Wer einmal durch England gefahren ist, kennt sie zur genüge, die „Gatso Cameras„, fest installierte Blitzer, die die Geschwindigkeit der Fahrzeuge überprüfen. Im Gegensatz zu den meist mausgrauen deutschen Kameras sind die „Gatsos“  gelb und daher etwas besser zu erkennen.
Ich habe einen Straßenatlas, in dem die Messstellen eingezeichnet sind und es gibt auch Navigationssysteme, die rechtzeitig warnen, trotzdem bringen die etwa 20 000 bis 40 000 Pfund teuren Geräte eine Menge Geld ein.
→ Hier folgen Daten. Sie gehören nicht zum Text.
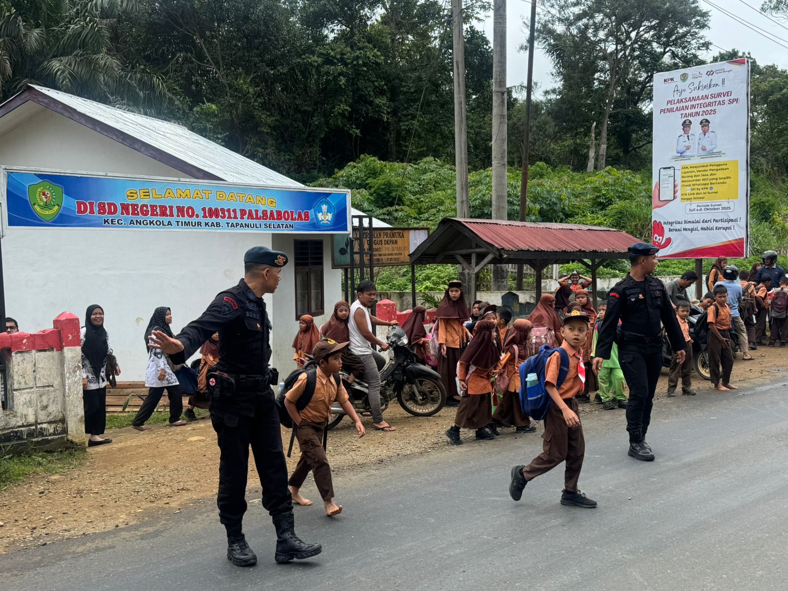 Wujud Kepedulian Polri! Brimob Polda Sumut Antar Jemput Anak Sekolah di Tapanuli Selatan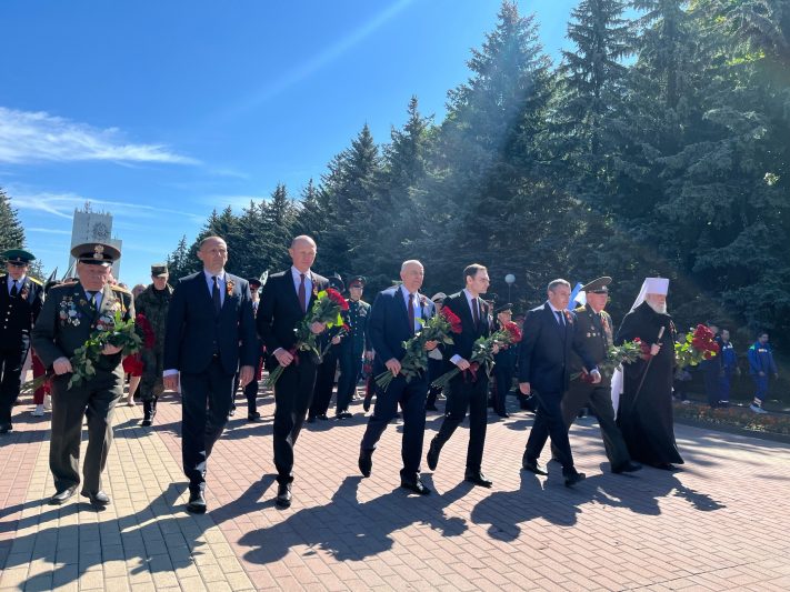 Тем не менее, на мемориале «Памяти павших в Великой Отечественной войне 1941 – 1945 годов» сегодня собрались сотни неравнодушных курян, чтобы возложить цветы к Вечному огню. Почтили память советских воинов и представители власти, в их числе — врио губернатора Курской области Александр Хинштейн.

Produziert werden die von Autofahrern ungeliebten Messanlagen von der niederländischen Firma GATSOmeter BV. Benannt wurden sie nach dem ebenfalls niederländischen Rennfahrer und Firmengründer Maurice Gatsonidis (1911-1998). Er konstruierte diese Geräte ursprünglich, um seine Kurvengeschwindigkeit zu messen.

Die ersten Überwachungskameras dieser Art wurden 1988 in Nottingham installiert, nachdem an einer ampelgeregelten Kreuzung drei tödliche Unfälle stattgefunden hatten.

Eine Kamera in der Nähe von Stoke-on-Trent.    © Copyright Jonathan Hutchins and licensed for reuse under this Creative Commons Licence.

Eine Kamera in der Nähe von Stoke-on-Trent.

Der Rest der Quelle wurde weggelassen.